Il primo grande ostacolo è stato però quello di acquistare le protesi che costavano moltissimo. “Il mio primo obiettivo – aggiunge Lanfri – è stato quello di raccogliere i fondi necessari. Abbandonata l'idea degli sponsor, decisi di lanciare una raccolta fondi e in pochi giorni sono riuscito a raggiungere il mio obiettivo. Avevo gli strumenti per ripartire e da quel giorno nessuno mi ha più fermato, con tanti risultati da atleta”. Successivamente però, la montagna è tornata in primo piano. “Dal 2019 – precisa Lanfri – la montagna si è presa tutto. Sono passato da puro velocista ad alpinista in poco tempo con il sogno dell'Everest. Una vera e propria sfida personale, che si è concretizzata. Non è stato facile tornare ad arrampicare con le protesi. La roccia è molto più difficile del ghiaccio per me. Serve molto equilibrio sicuramente. Ad oggi ho 12 paia di protesi per allenamento, corsa, bici, nuoto e cerco di fare un po' di tutto. Io le chiamo i miei 'piedi da alpinismo' o da arrampicata, ciclismo. Uso cose molto semplici, non c'è nulla di speciale, sono tra le più semplici, perchè devo sempre portarle nel mio zaino”

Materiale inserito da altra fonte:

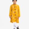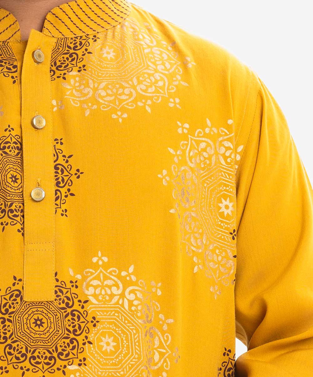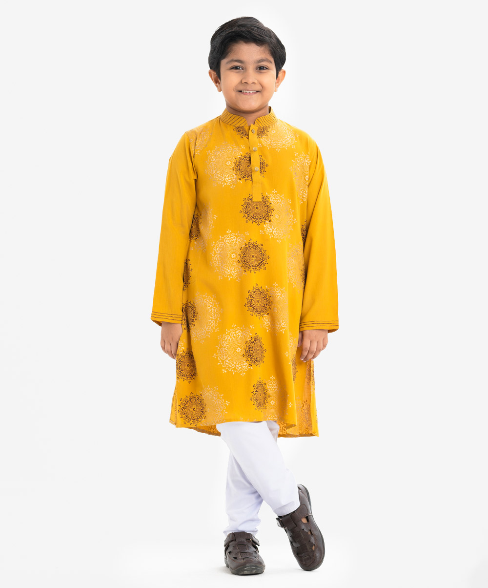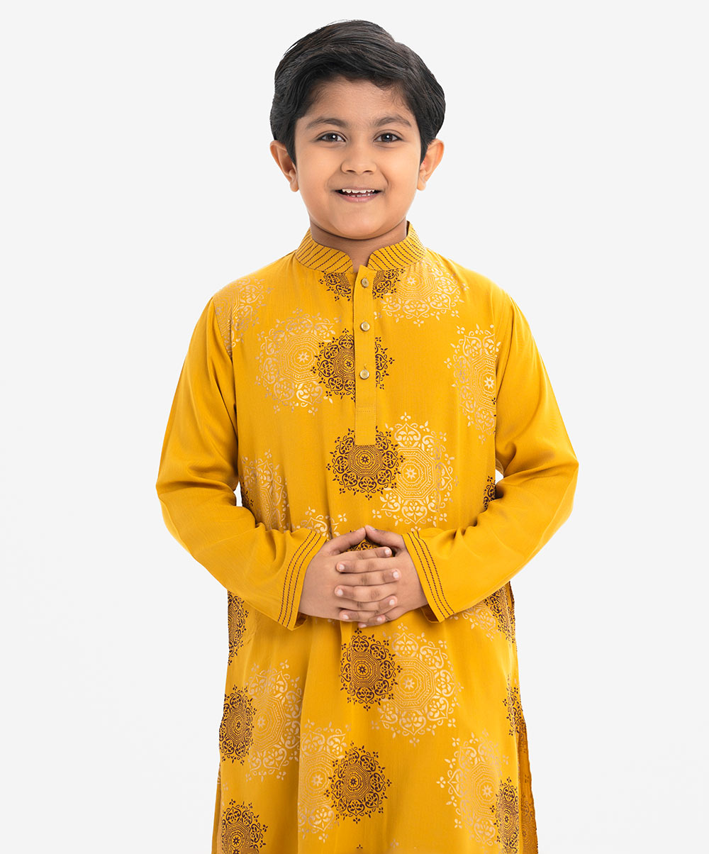 Kid boys mandala printed panjabi in viscose fabric. Line stitching at the mandarin collar and the full sleeves hem. Inseam pockets.
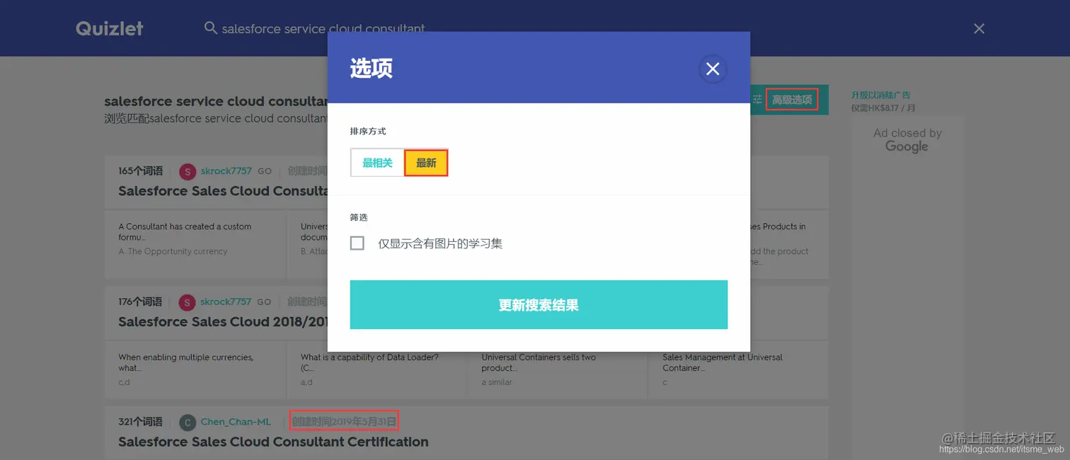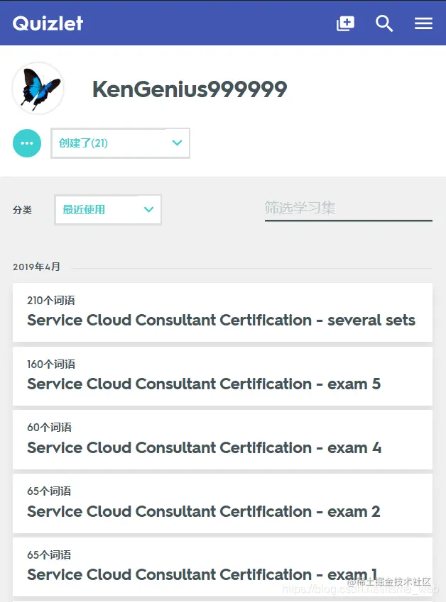 - 在Quizlet上搜索salesforce service cloud consultant,然后按时间排序选择最新的题目来进行练习:

. Ma come è andata sull'Everest? “La nostra salita è stata pianificata nel dettaglio – conclude Lanfri – abbiamo scelto la via classica. Tutto pronto fino al campo 3, aspettavamo la finestra meteo e poi la grande realtà della vetta. Il ricordo di questa avventura è che l'abbiamo vissuta al massimo fino in fondo, stanchi ma sempre con il sorriso. Ringrazio quanti mi hanno seguito anche virtualmente. Chi scopre il vero Nepal, entra davvero in contatto con un mondo unico. L'Everest però, è stata una tappa, la prossima sfida sarà a dicembre in Australia, ma sto già scalpitando per tornare in Nepal e in altri posti del mondo”.